Mononoke
Hime é um clássico filme animado de 1997, produzido pelo Studio
Ghibi, um estúdio japonês conhecido pela produção de animes de
alta qualidade, os quais apresentam tramas profundas e reflexivas. O
filme se passa na época feudal do Japão, quando a terra estava
coberta por florestas, nas quais viviam os espíritos dos Deuses.
Durante muito tempo, homens e animais viveram em harmonia, mas, com o
passar dos anos, a maioria das grandes florestas foi destruída. As
que se salvaram eram guardadas por animais gigantes, súditos do
Grande Espírito da Floresta, que tinham a missão de proteger as
florestas remanescentes dos demônios.
A
história começa a partir de Ashitaka, um jovem príncipe de uma
aldeia. Ashitaka anda sobre um alce chamado Yakul. Avisado por
aldeões de que algo estranho está acontecendo na floresta próxima,
vai depressa à torre de vigia, onde está Jin, para saber o que está
acontecendo. Chegando, Ashitaka e Jin avistam um demônio saindo dos
limites da floresta e avançando para a região da aldeia. O demônio,
na verdade, é um javali, um dos animais gigantes que guardam as
florestas, mas foi possuído por algo maligno. Diante disso, Ashitaka
vai atrás da criatura, e Jin, preocupado, diz para que Ashitaka não
deixe que o demônio lhe toque. Apesar do aviso, Ashitaka, tentando
defender seu vilarejo, é atingindo e ferido pelo demônio. Mesmo
assim, consegue atingir uma flecha na cabeça da criatura, que
desfalece e cai ao chão. Logo após, a anciã da aldeia chega ao
local no qual Ashitaka e o demônio lutaram e, dirigindo-se ao
javali-demônio quase morto, reverencia-o. Porém, o ser lhe diz que
em breve os humanos sentirão o seu ódio e sofrerão tanto quanto
ele sofreu. Assim, deu seu último suspiro, e morreu.
Ao
final do dia, a anciã descobre que o javali foi possuído por puro
ódio, eis que uma pedra de ferro se alojou em seu corpo,
provocando-lhe intensas dores e terrível sofrimento. Na mesma
ocasião, a anciã pede para Ashitaka mostrar seu braço ferido.

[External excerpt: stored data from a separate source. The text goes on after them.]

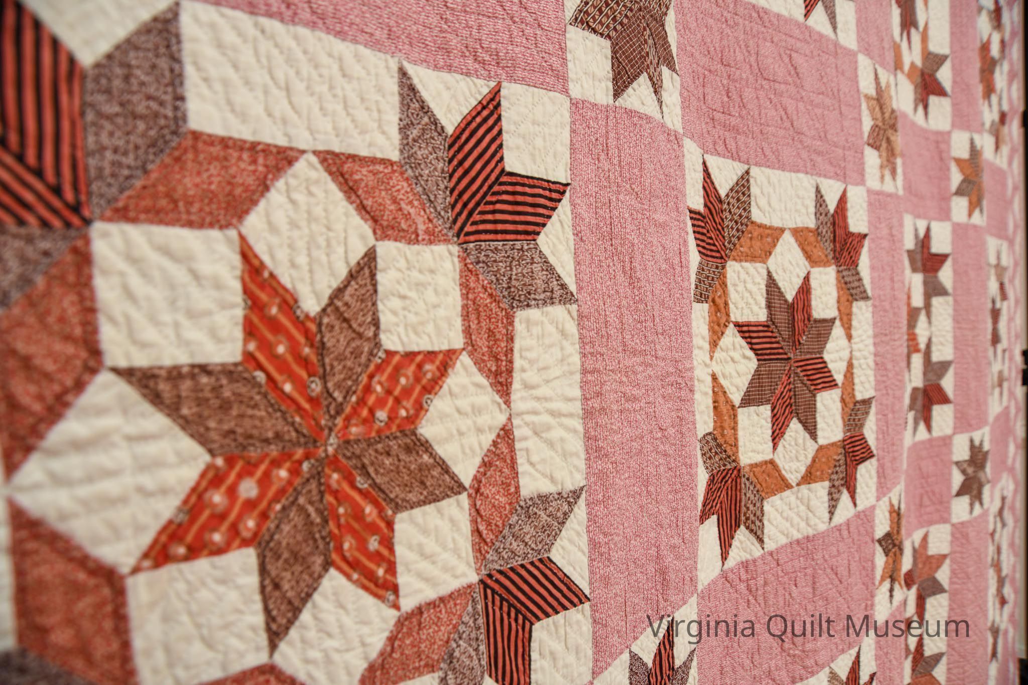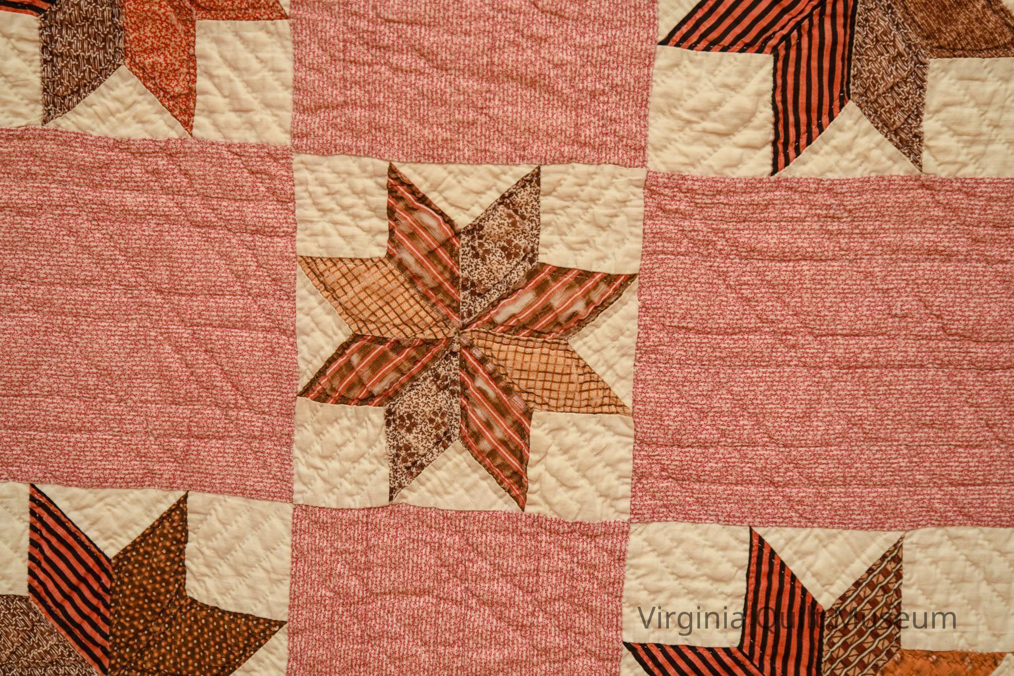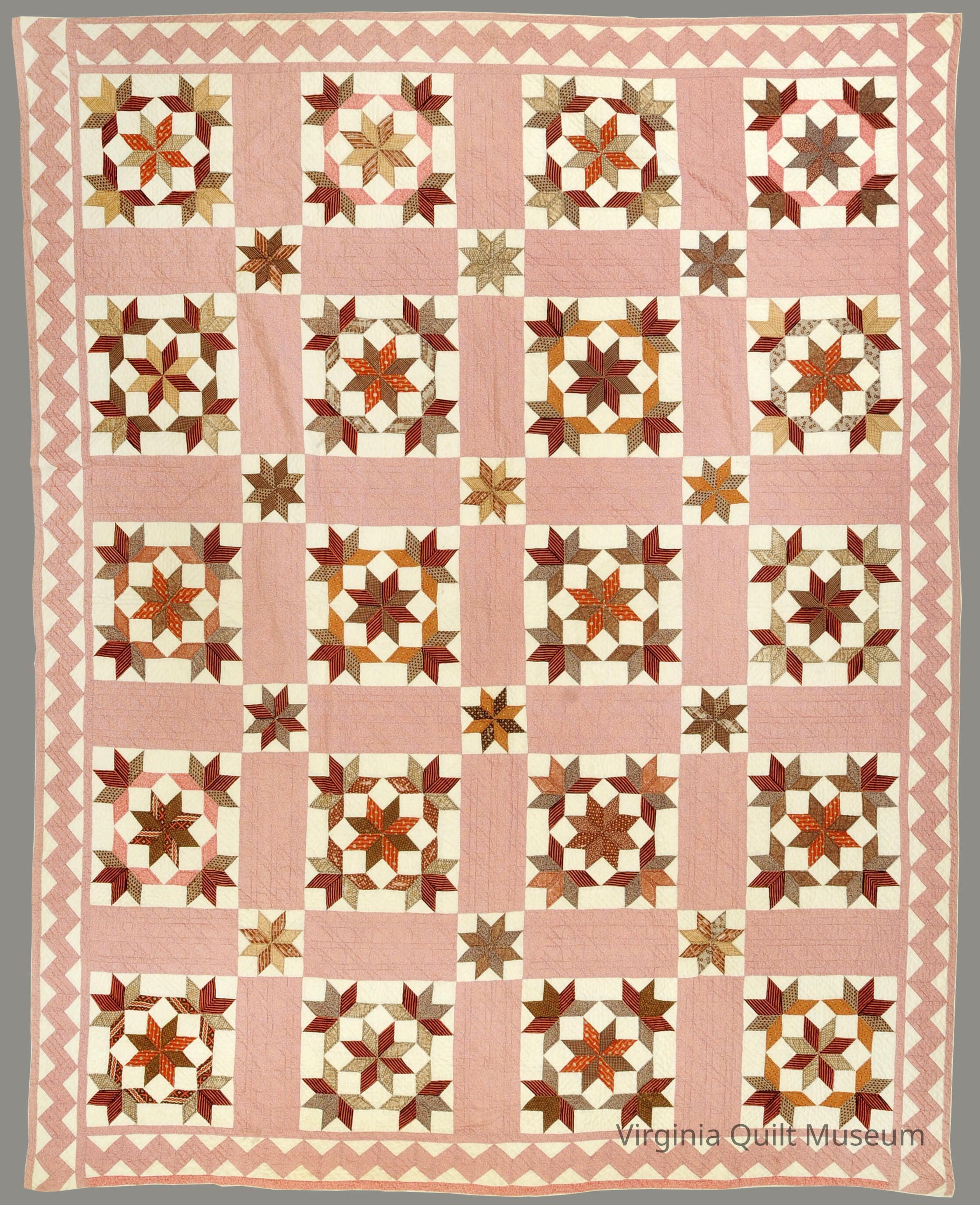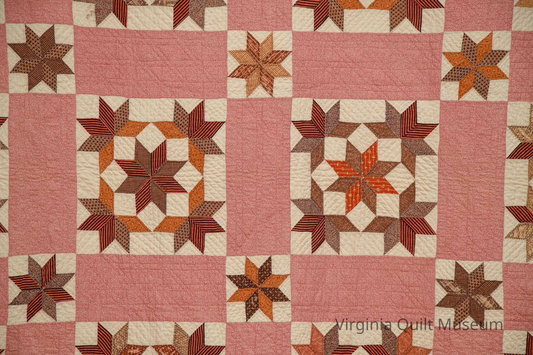 Hand pieced and hand quilted. 20 blocks of pieced diamonds in eight-point star design in the center with 6-diamond partial stars at each corner of block. White background. Each block is framed by pink sashing, 5.25" wide. Smaller blocks where sashing intersects feature madder prints. The outer border has a 4" wide pink zig-zag on white with a narrow matching pink strip on each side.Context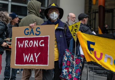 Protesters rallied outside a Santos office, calling on it to abandon its Narrabri Gas Project in the Pilliga State Forest in north-west NSW. Jim McIlroy reports.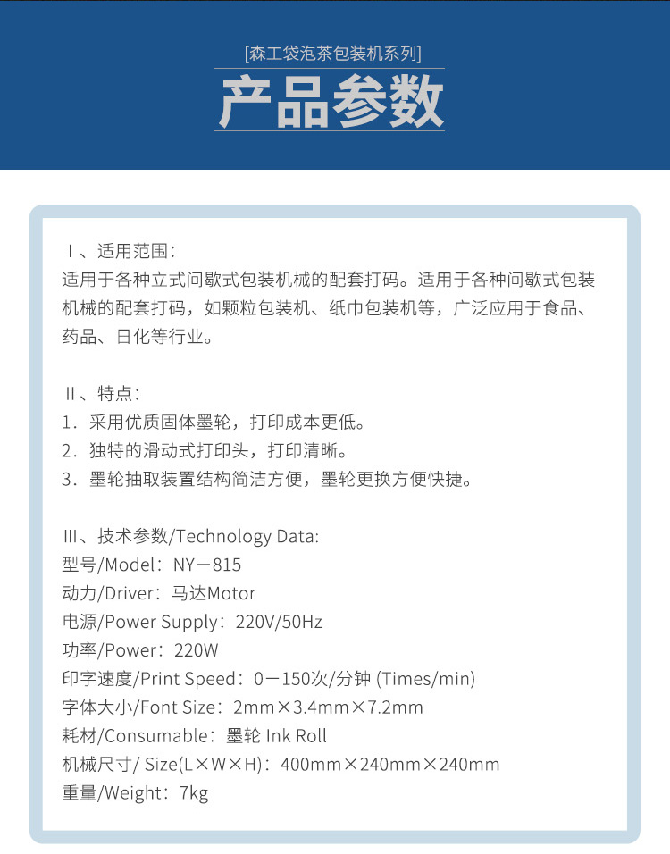 適用于各種立式間歇式包裝機(jī)械的配套打碼。適用于各種間歇式包裝機(jī)械的配套打碼,如顆粒包裝機(jī)、紙巾包裝機(jī)等,廣泛應(yīng)用于食品、藥品、日化等行業(yè)。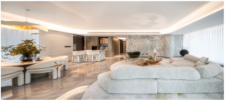 LDKB一體化宴會方廳,270°環(huán)幕全景采光,以城市天幕極景為背景,仿佛置身旋轉(zhuǎn)觀景臺。巨大的安第斯雪景奢石背景墻,為空間賦予奢華的質(zhì)感,蒸烤一體化設(shè)計餐廚臺可選配升降水龍頭,健康、智能的生活理念根植于空間的每一處設(shè)計。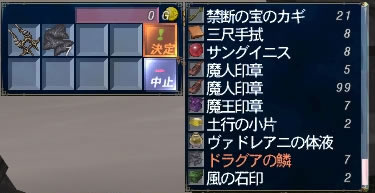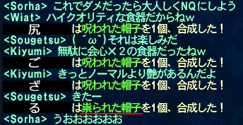 素材も安くなったので、尻さんの2垢に呪物の合成をしらもらったところ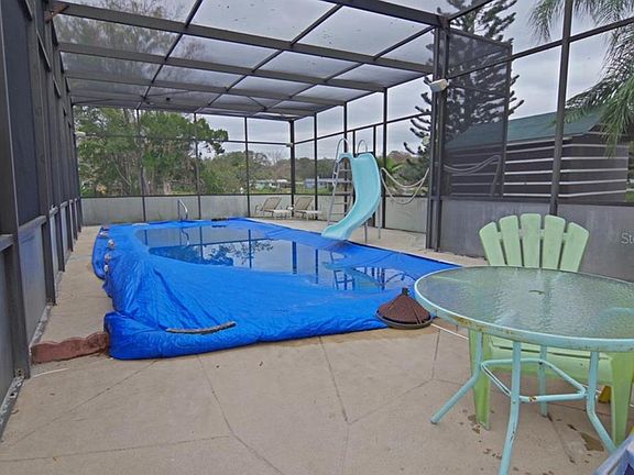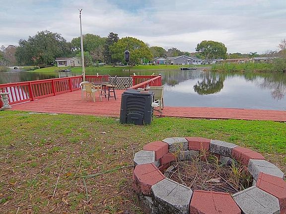 Enjoy the Florida Lifestyle with a Screen Enclosed In-Ground Pool with Waterslide and Waterfront Location with a Dock. Relax and watch the water and wildlife next to your fire pit while the worries of the day just melt away! This fenced home features 3 bedrooms, 2 bathrooms with 2,084 SqFt on 0.29 acres. Over-sized kitchen with Stainless Steel Appliances and room for a Kitchen Table. The kitchen is centrally located between the Living and Family Rooms and next to the Dining Room. The large Florida Room has low maintenance tile floors and has pool and water views. The Master Suite features a large Walk-In Closet and a Walk-In Tub. You will appreciate all the closet space and a split bedroom floor plan. This waterfront home has so much to offer. Conveniently located with easy access to beaches, natural parks, dining and more!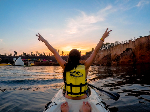 Il y a deux côtés. Le côté adrénaline, pour sauter à pieds joints dans le réservoir d’eau à quelques 10-15 mètres au-dessus de l’eau. J’avoue avoir été tentée par l’aventure, mais l’échelle brinquebalante pour remonter m’a dissuadée. De l’autre côté, c’est un mini parc d’attractions pour enfants et adultes. Sauf qu’en semaine, il n’y a presque personne et vous l’aurez rien que pour vous. Nous ne sommes venues qu’un après-midi, mais nous aurions pu facilement y passer la journée. C’est un peu cher, mais ça vaut le coût. La zipline au-dessus du canyon est surprenamment agréable et offre une jolie vue sur le canyon. Vous pouvez aussi faire du kayak gratuitement. Et puis, il y a tous ces jeux en plastique sur l’eau… château, saut… c’est vraiment très fun… jusqu’à ce que comme moi, vous tombiez et vous cassiez le dos.
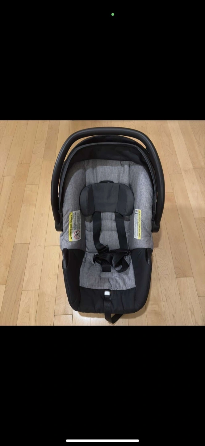 Selling an Evenflo infant car seat in black and grey. It's in great condition and ready for a new family!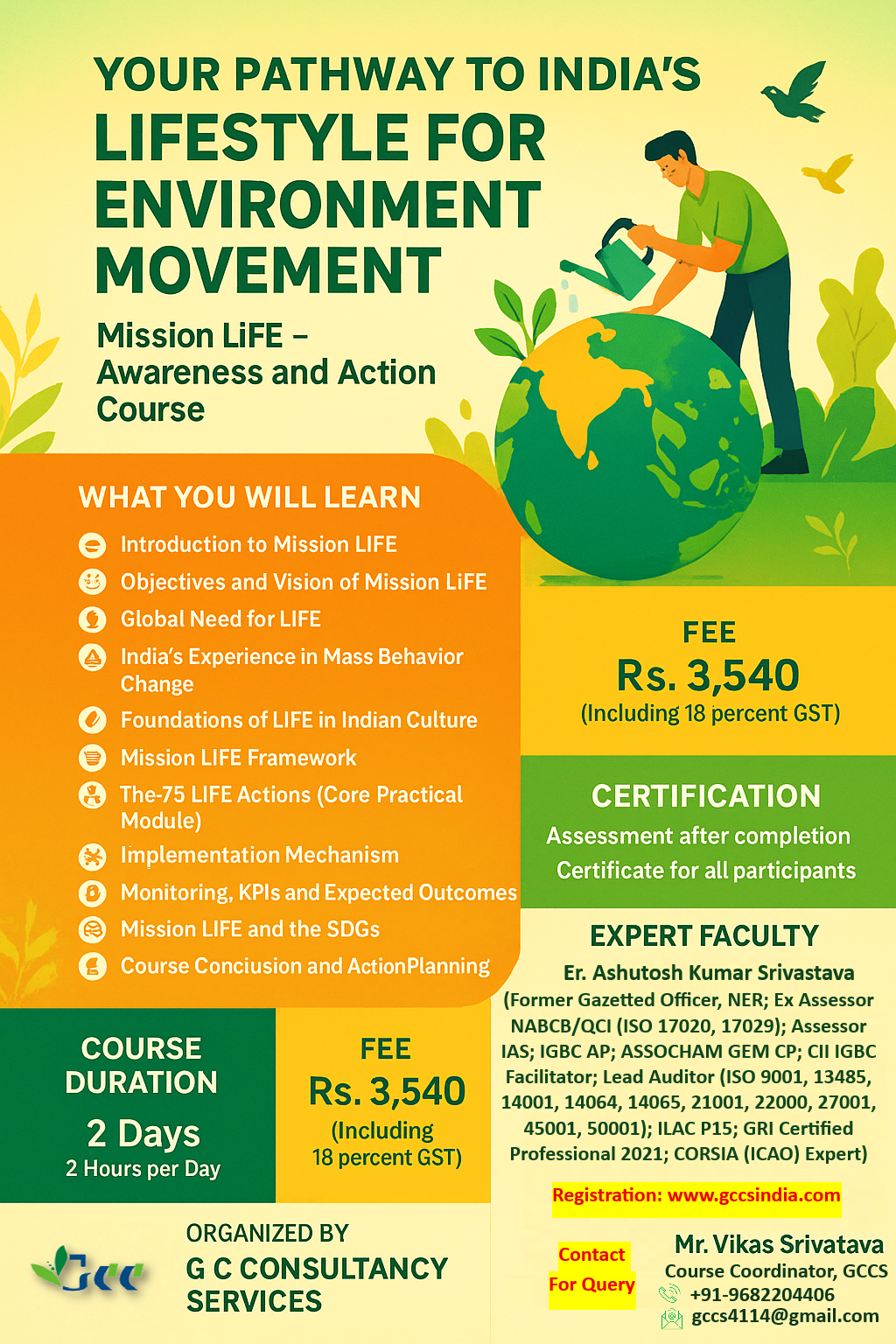 View | 5 | Mission LiFE – Awareness and Action Course | 02 Days | ₹ 3540 | Mission LiFE – Awareness and Action CourseDiscover how to live sustainably with our 2-day / 2 hours-per-day training on the Mission LiFE (Lifestyle for Environment) initiative. This course is designed for individuals, educators and community leaders who want to drive real-world behaviour change. What you’ll learn: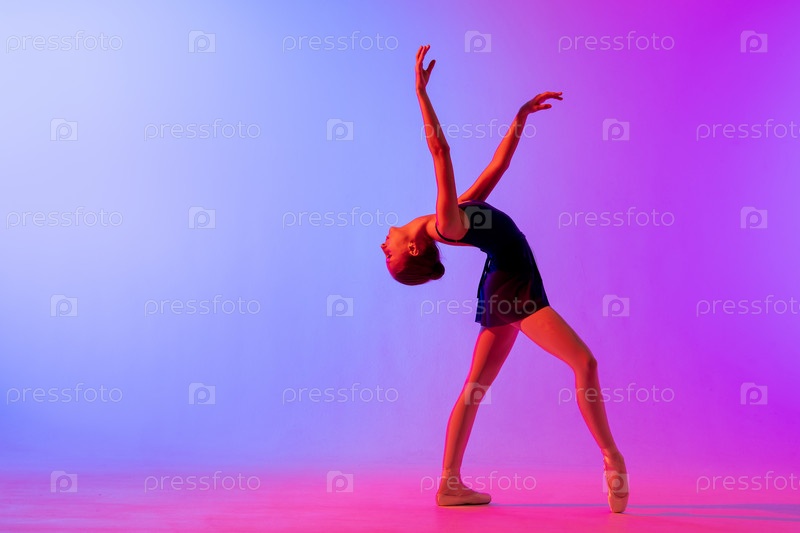 Красивая молодая девушка-балерина в пуантах и розовом силуэте купальника на ярко-синем фоне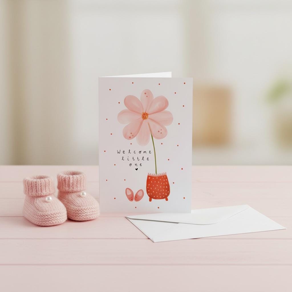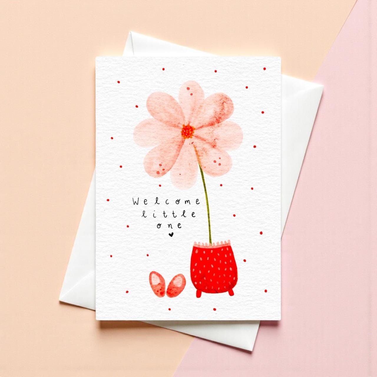 Perfect for a new baby, this hand-illustrated Greeting Card features the words “Welcome Little One”.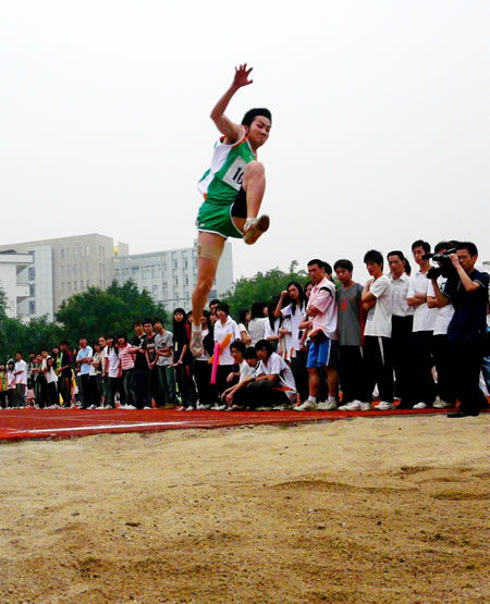 男子跳远比赛,信息工程学院的廖堪泉同学以6.08米打破了2001年由经济管理学院刘志同学创下的5.89米的校运会记录。但紧跟着经济管理系的焦焯华也毫不退让,眼看着继续挑战的运动员越来越少,这场比赛就几乎成为了廖堪泉与焦焯华的颠峰对决。最后,焦焯华以6.47米的成绩打破了廖堪泉的记录,跃为第一名。
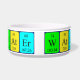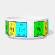 Water spelled out as W At Er (Tungsten Astatine Erbium) on a pet bowl for the scientist in your best friend.
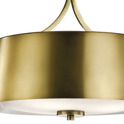 This 3 light convertible pendant/semi flush ceiling light from the updated traditional Maclain collection features smooth lines in a Natural Brass finish with subtle and pleasing Satin Etched White glass.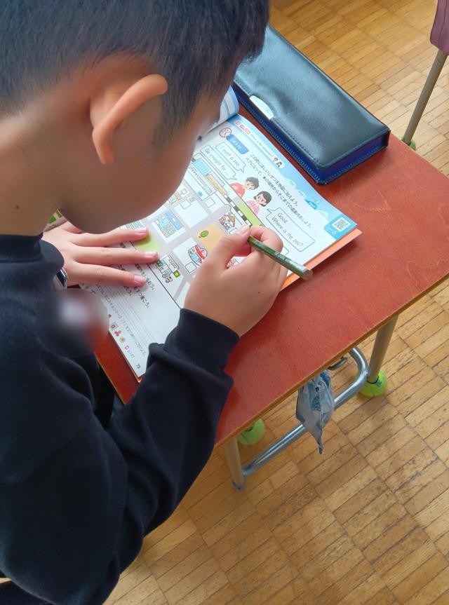 今回の学習では、行き先の建物の単語なども出てきていました。学習を通して、語彙を増やしていきます。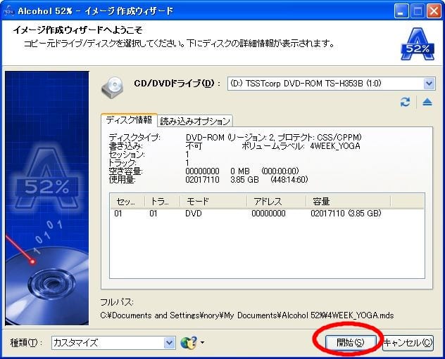 これで、実際にCD/DVDをドライブに入れたような感じで、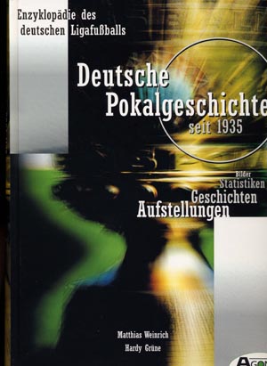 SERIES = (Enzyklopädie des deutschen Ligafußballs VI) TITLE = Deutsche Pokalgeschichte seit 1935 AUTHOR = Hardy Grüne, Matthias Weinrich PRICE = EUR 38.22 (hardcover) SIZE = 512 pages YEAR = 2000, Agon Sportverlag SOURCE = www.amazon.de RATING = 5 stars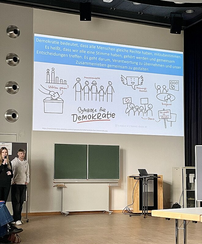 Danach wurden die verschiedenen Workshops präsentiert. Zur Auswahl standen unter anderem: „Wie Gesetze entstehen“, „Vielfalt“, „Ich, du, wir – Demokratie erleben“, „Fake News erkennen“ sowie „Demokratie-Entdecker“. Wir durften uns zwei Workshops aussuchen, mit Ausnahme des letzten, der ganztägig stattfand. Zwei von uns entschieden sich für den dritten und vierten Workshop, während die anderen beiden am ganztägigen Workshop teilnahmen.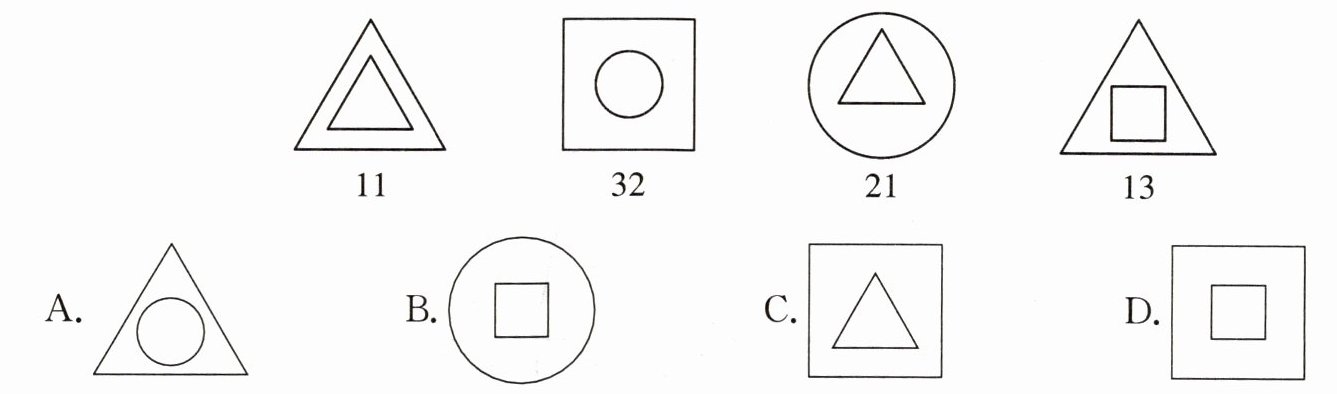 8. 下面每一个图形都是由△、□、○中的两个图形组成的,观察各个图形,根据图形下面的数找出规律。下面选项中表示“23”的图形是( )。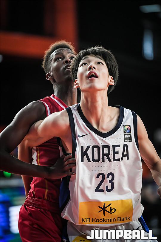 [점프볼=태국/유용우 기자] 11일 태국 모노29 스튜디오 체육관에서 열린 'FIBA U18 아시아 남자농구대회' 한국과 바레인의 7-8위 결정전, U18 남자농구대표팀 이원석이 박스아웃하며 리바운드를 준비하고 있다.
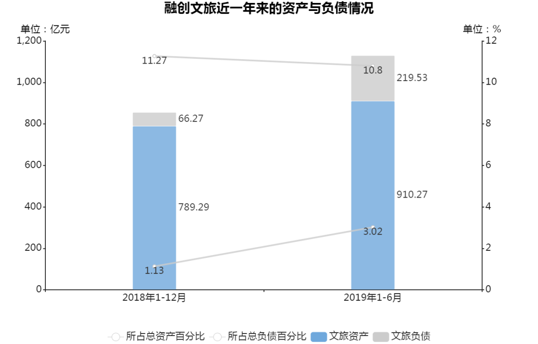 据2019年中期业绩公告披露,于2019年6月30日,文旅城建设及运营分部资产总额约为人民币910.27亿元(约占总资产的10.80%),负债约为人民币219.53亿元(约占总负债的3.02%)。而去年年底的资产约为789.30亿元,负债约为66.27亿元,同比分别上升15.33%和231.27%。

Mostrando-o, vê-se um braço inflamado com manchas roxas e profundas
indicando que a maldição que revestia o javali lhe alcançou. Então
a ancião prediz que a infecção se espalhará por seu corpo,
matando-o, e que o Príncipe não pode fugir desse destino. Mas o
esclarece que pode enfrentá-lo, buscando uma forma de se livrar da
maldição. Assim, Ashitaka parte para uma jornada em busca de uma
cura, tendo como única pista a pedra de ferro que atingiu o javali.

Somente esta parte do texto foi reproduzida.